Exactly the lines below starting at the line with "Bu üstün özelliklere" and ending at the line with "As with any" are wanted, with both ends included. Leave out the pictures and add no other lines.

▶ [Dataset extract]:
=== Section Start ===

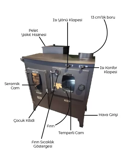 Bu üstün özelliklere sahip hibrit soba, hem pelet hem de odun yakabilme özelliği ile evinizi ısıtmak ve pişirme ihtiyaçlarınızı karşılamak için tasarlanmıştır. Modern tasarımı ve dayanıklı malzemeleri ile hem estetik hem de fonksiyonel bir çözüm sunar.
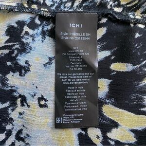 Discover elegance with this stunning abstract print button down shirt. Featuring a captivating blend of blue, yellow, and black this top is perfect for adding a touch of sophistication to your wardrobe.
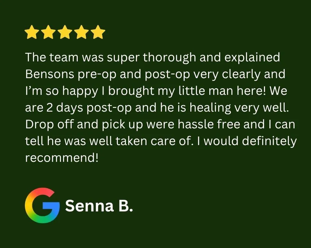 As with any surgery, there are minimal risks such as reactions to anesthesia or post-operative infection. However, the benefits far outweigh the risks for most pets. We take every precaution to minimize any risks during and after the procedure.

=== Section End ===
=== Section Start ===

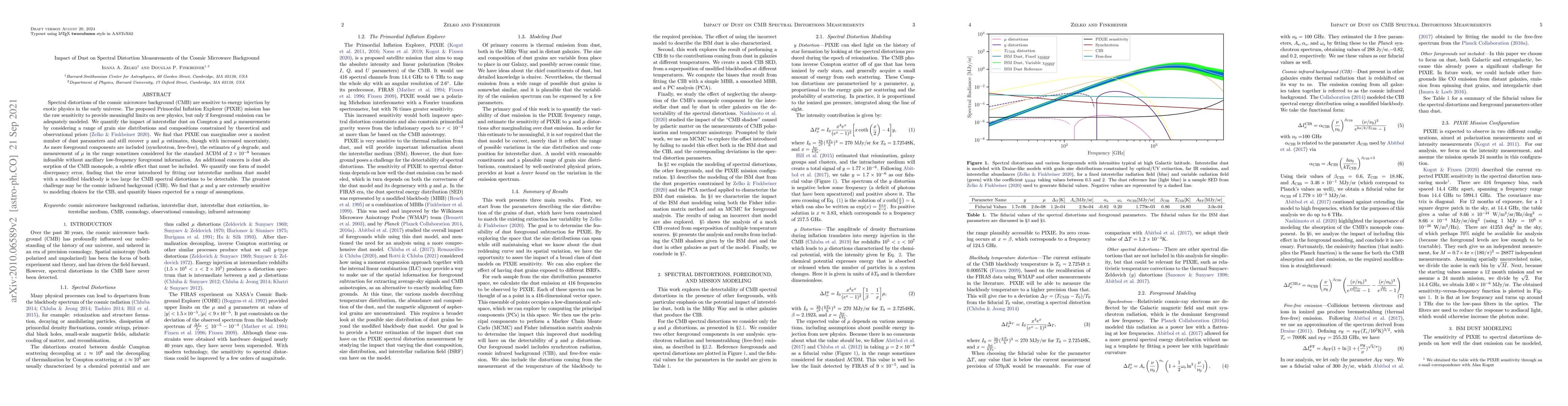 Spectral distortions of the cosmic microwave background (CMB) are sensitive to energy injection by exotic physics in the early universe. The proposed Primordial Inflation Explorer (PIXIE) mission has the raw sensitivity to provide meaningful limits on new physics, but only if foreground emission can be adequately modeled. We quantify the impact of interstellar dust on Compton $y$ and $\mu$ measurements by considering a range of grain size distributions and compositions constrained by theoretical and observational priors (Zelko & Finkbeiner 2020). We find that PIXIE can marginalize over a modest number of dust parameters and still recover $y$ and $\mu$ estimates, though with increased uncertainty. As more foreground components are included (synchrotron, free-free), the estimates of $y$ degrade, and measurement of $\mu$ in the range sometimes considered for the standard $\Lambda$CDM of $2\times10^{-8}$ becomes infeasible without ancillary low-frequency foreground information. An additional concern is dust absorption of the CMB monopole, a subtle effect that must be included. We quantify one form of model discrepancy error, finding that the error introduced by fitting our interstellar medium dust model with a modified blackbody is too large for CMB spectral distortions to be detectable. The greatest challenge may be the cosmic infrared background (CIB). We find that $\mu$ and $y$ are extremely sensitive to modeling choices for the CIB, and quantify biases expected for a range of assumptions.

=== Section End ===

▶ [Response to this exercise]:
 Bu üstün özelliklere sahip hibrit soba, hem pelet hem de odun yakabilme özelliği ile evinizi ısıtmak ve pişirme ihtiyaçlarınızı karşılamak için tasarlanmıştır. Modern tasarımı ve dayanıklı malzemeleri ile hem estetik hem de fonksiyonel bir çözüm sunar.
 Discover elegance with this stunning abstract print button down shirt. Featuring a captivating blend of blue, yellow, and black this top is perfect for adding a touch of sophistication to your wardrobe.
 As with any surgery, there are minimal risks such as reactions to anesthesia or post-operative infection. However, the benefits far outweigh the risks for most pets. We take every precaution to minimize any risks during and after the procedure.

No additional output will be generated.